# Help



## Theawakening (Dec 16, 2016)

Can someone tell me what kind of wood this is?  Penn state gave it to me extra with an order, and now clients want a pen with it.


----------



## RKB (Dec 16, 2016)

Welcome to the IAP.  I believe this wood to be Huon Pine.

Good Luck to you.

Rod


----------



## jttheclockman (Dec 16, 2016)

HobbitHouse Wood ID site


The Wood Database

2 of the better ones I use


----------



## southernclay (Dec 16, 2016)

Possibly elm burl or blonde buckeye burl. The later would be likely for PSI to have too.
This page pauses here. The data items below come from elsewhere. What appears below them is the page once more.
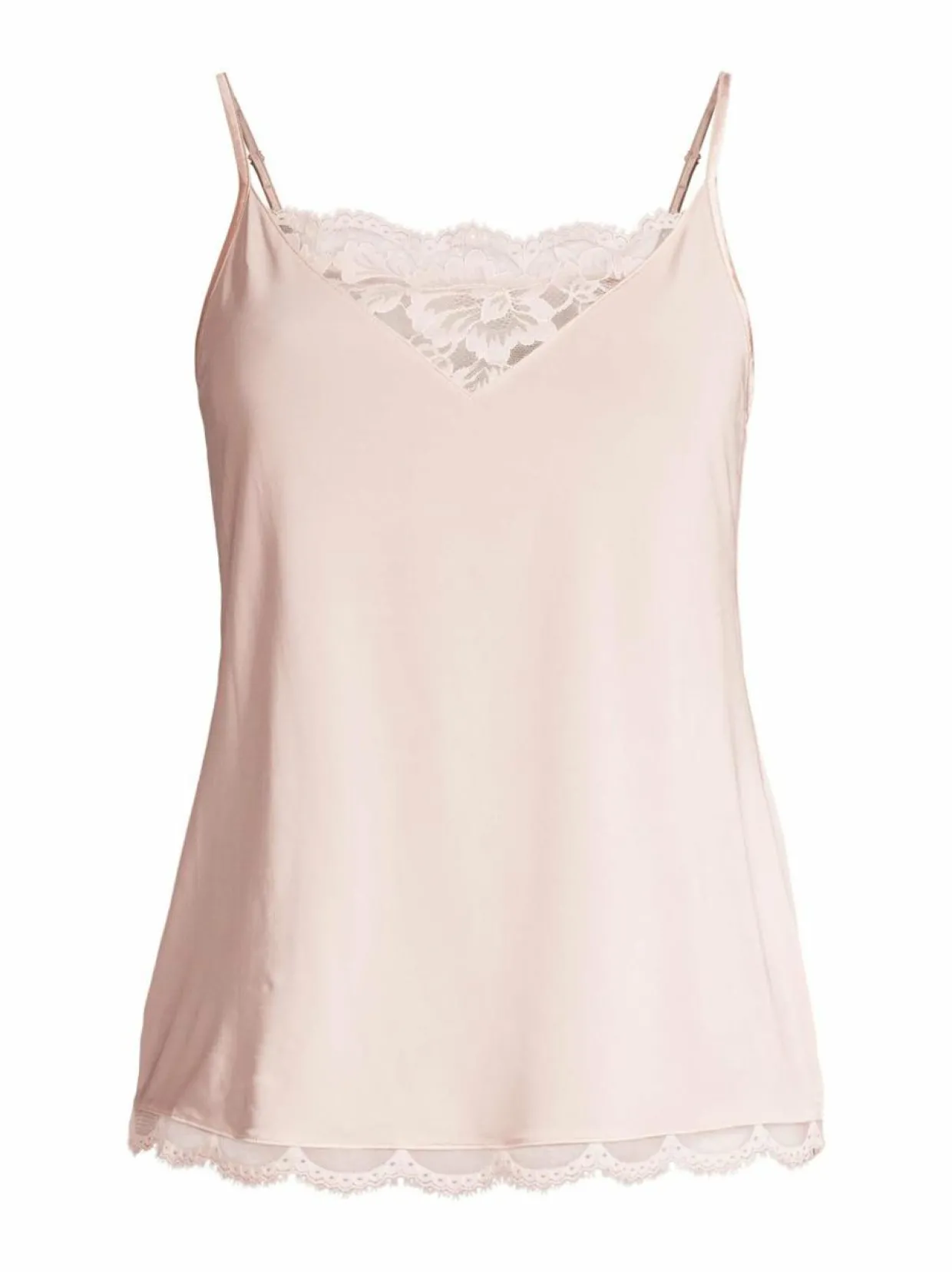Mey Poetry Vogue Camisole -toppi on naisellinen ja vartalonmyötäinen. Siinä on v-pääntie ja pitsisomisteet pääntiellä ja helmassa. Aluspaita on valmistettu ilmavasta ja laskeutuvasta viskoosista, jossa on hienovarainen kiilto. Säädettävät spagettiolkaimet tuovat käyttömukavuutta. Ihoystävällinen ja miellyttävän tuntuinen viskoosikuitu on FSC-sertifioitu, joka tuntuu ihoa vasten miellyttävältä ja pehmeän sileältä.Mey Poetry Vogue Camisole -toppi sopii täydellisesti niin arkeen kuin juhlaan. Yhdistä se farkkuihin ja neuletakkiin rentoon tyyliin tai pukeudu juhlavammin hameen ja korkokenkien kanssa.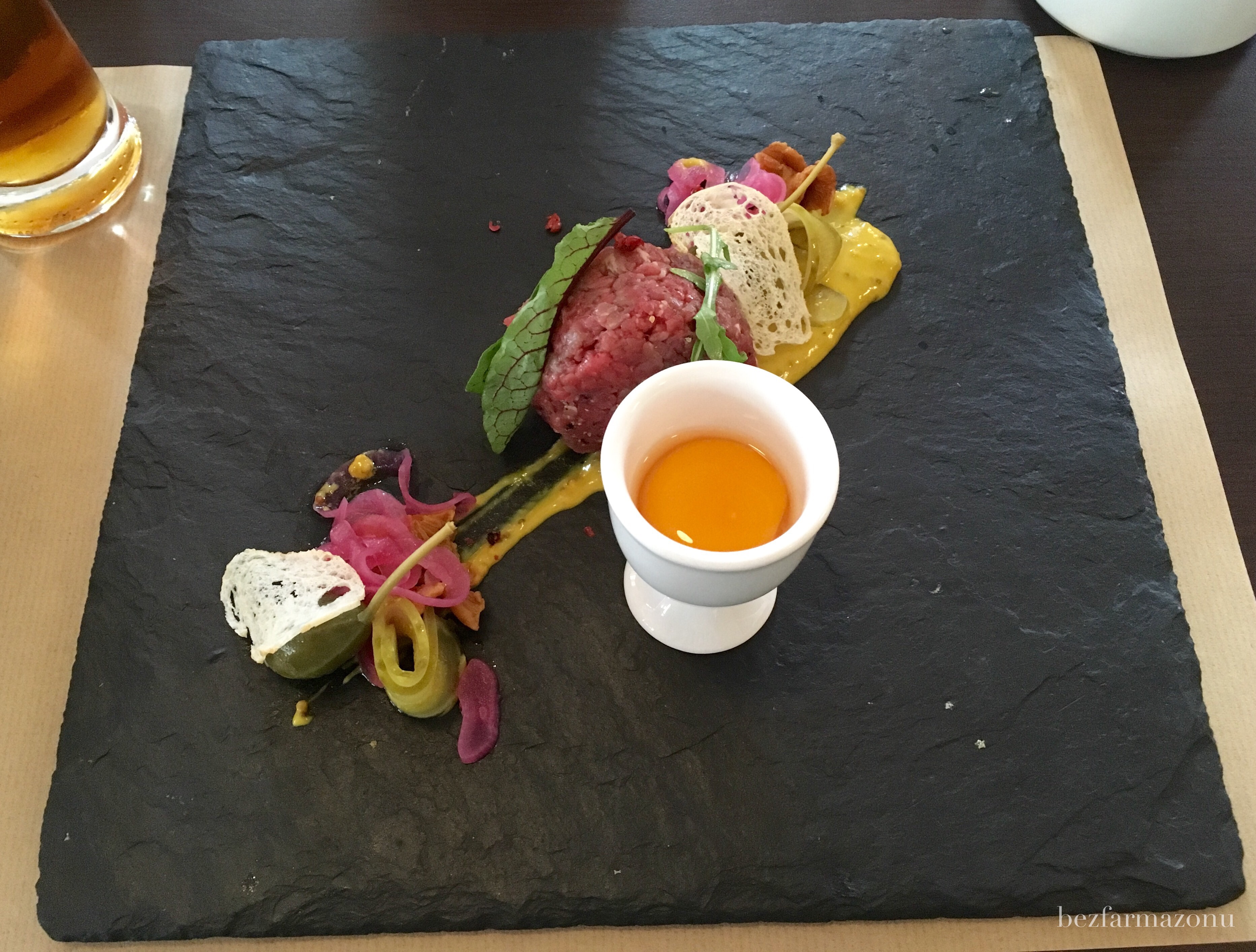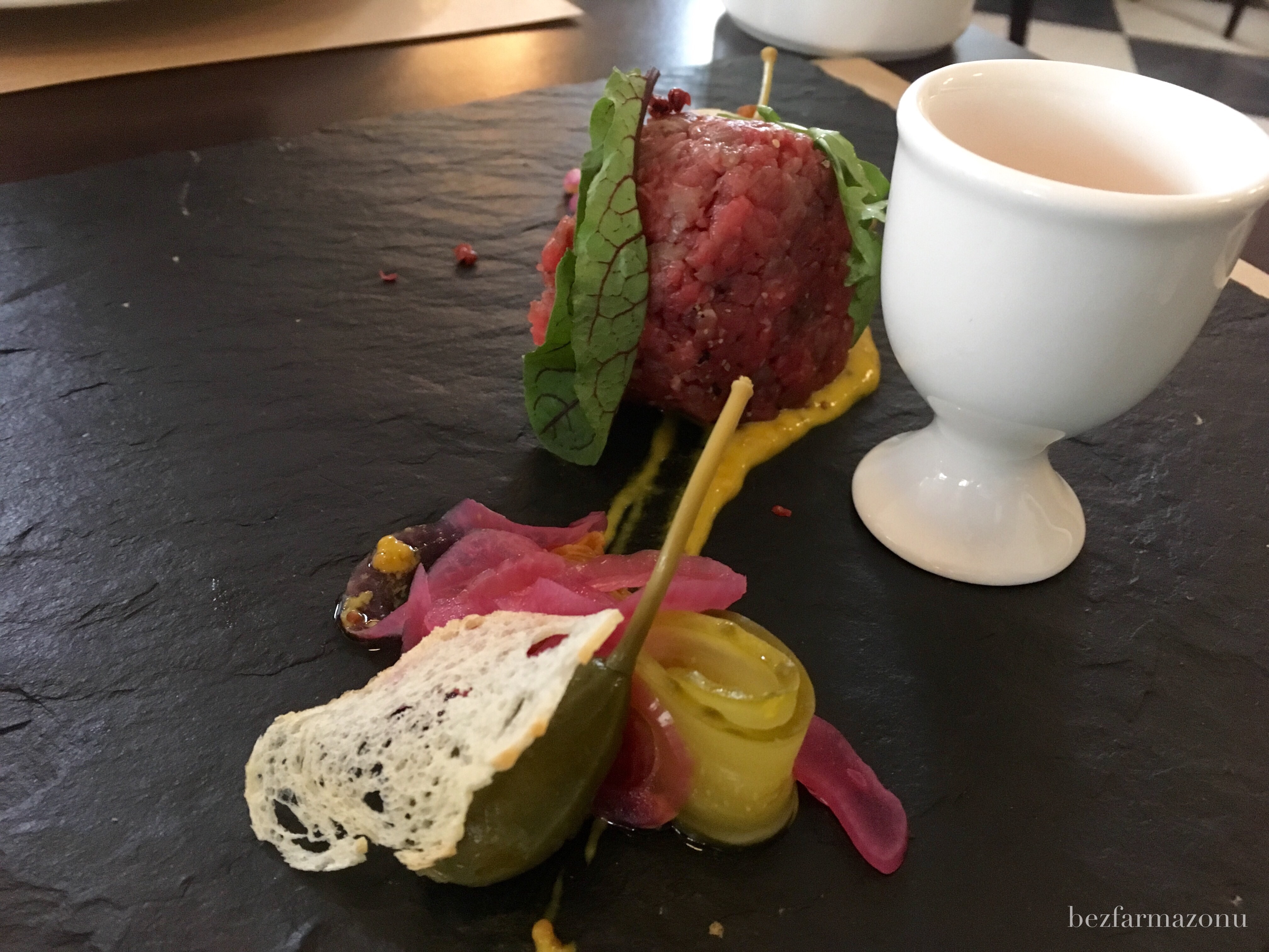 • tatar z polędwicy wołowej z żółtkiem w porcelanowej miseczce  wraz z marynowanym ogórkiem i cebulą , blanszowaną kurką, kaparami oraz sosem musztardowym. Do tego dwa chipsy pieczywa – wszystko podane na kamiennej płycie – 26 PLN. Kompozycja prezentowała się wyśmienicie co można zobaczyć poniżej. Mięso grubo-mielone bez jakichkolwiek twardych części.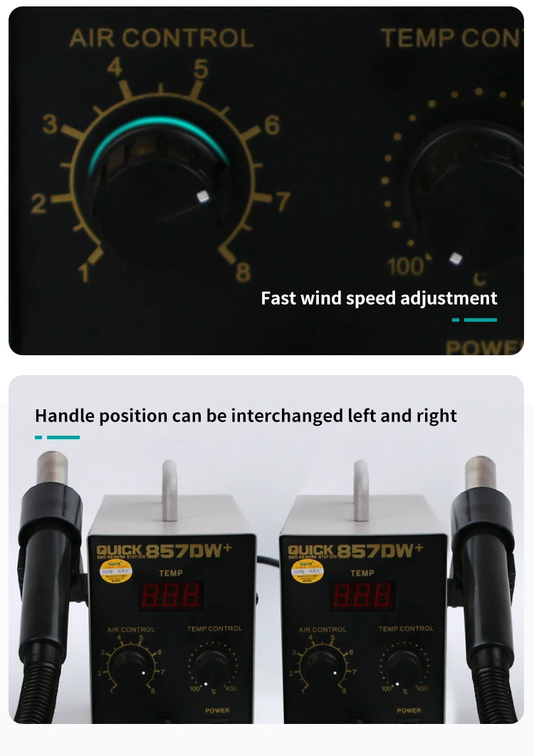 Быстрый 857DW + Интеллектуальный цифровой дисплей точный контроль температуры двойной вихревой пистолет горячего воздуха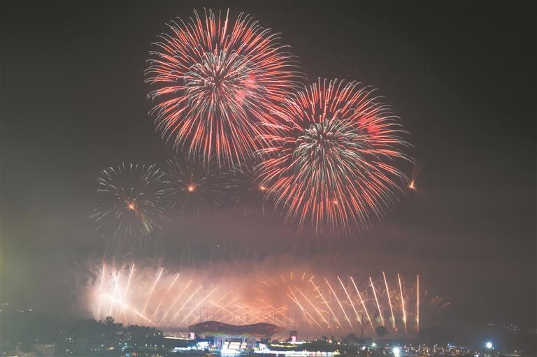 11月4日晚,2023年焰火大会(LFC)在湖南浏阳天空剧院拉开序幕。从全球范围内遴选出的中国、意大利、德国、瑞士四支顶级焰火燃放队伍,齐聚浏阳河畔展示烟花产品新的燃放编排创意和表演形式。图为德国代表队燃放焰火亮相夜空。 (中新)

Maybe yellow cedar burl.


Sent from my iPhone using Penturners.org mobile app


----------



## its_virgil (Dec 16, 2016)

Check with PSI


----------



## robutacion (Dec 16, 2016)

That wood is Huon Pine

Cheers
George


----------



## MIKL (Dec 17, 2016)

its not Huon Pine, not yellow enough


----------



## tomtedesco (Dec 17, 2016)

Buck eye burl, used it several times.


----------



## Ted iin Michigan (Dec 17, 2016)

Penn State doesn't offer Huron pine. Agree that it could be the buckeye burl. Might also be their birdseye maple or their maple burl.


----------